Applications in Homotopy Theory
The May spectral sequence is instrumental in resolving differentials and hidden extensions in the Adams spectral sequence computations of the homotopy groups of spheres, complex cobordism spectra such as MU, and Brown–Peterson theory BP. It played a role in the computational program that informed the Nilpotence Theorem and the chromatic perspective of Ravenel, influencing work at University of Virginia and Rutgers University. The spectral sequence also appears in calculations involving Eilenberg–MacLane spectrum cohomology operations, connections with the Goodwillie calculus program, and investigations into structured ring spectra like E-infinity ring examples studied at University of Illinois Urbana–Champaign.
Computations and Examples
Concrete computations using the May spectral sequence include low-dimensional Ext calculations over the mod p Steenrod algebra that feed Adams charts compiled by research groups at University of Cambridge and University of Chicago. Examples include detecting families such as the h_i and h_j^2 patterns in the Adams E_2-term, and computations related to the Kervaire invariant problem that involved collaborations across Princeton University and SUNY Stony Brook. Algorithmic and computer-aided implementations used by researchers at Cornell University and University of California, San Diego have automated portions of the May spectral sequence for larger chart computations.

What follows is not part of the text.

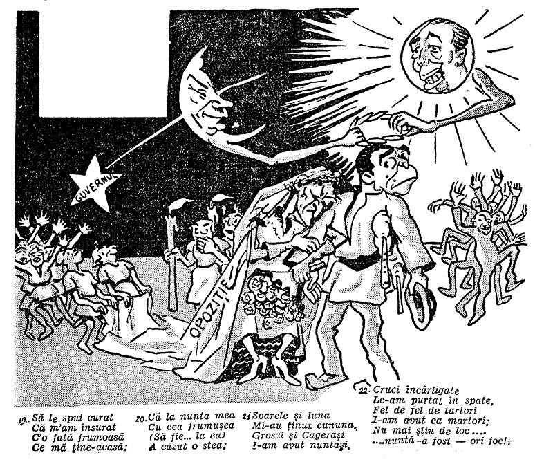 Anul 1937, ultimul an de mandat parlamentar al Partidului Național Liberal, singurul dus până la limita constituțională de 4 ani din întreaga perioadă interbelică, nu făcea nici el excepție de la regulă. Caricatura era folosită din plin de adversarii politici ai guvernului Gheorghe Tătărescu în ceea ce aceștia considerau a fi derapaje manifeste de la legalitate și democrație.

Variants and Generalizations
Variants of the May spectral sequence arise when replacing the Steenrod algebra by other Hopf algebras or Hopf algebroids, producing tools applicable to the Adams–Novikov spectral sequence and to Morava K-theory and Lubin–Tate deformation contexts pursued at Harvard University and University of Michigan. Generalizations incorporate filtrations reflecting v_n-periodicity and chromatic layers central to Ravenel’s conjectures and to the work of the Morava stabilizer group community at Institut des Hautes Études Scientifiques. Other adaptations interface with the lambda algebra framework and with categorical approaches in stable ∞-categories developed in seminars at Columbia University and Stanford University.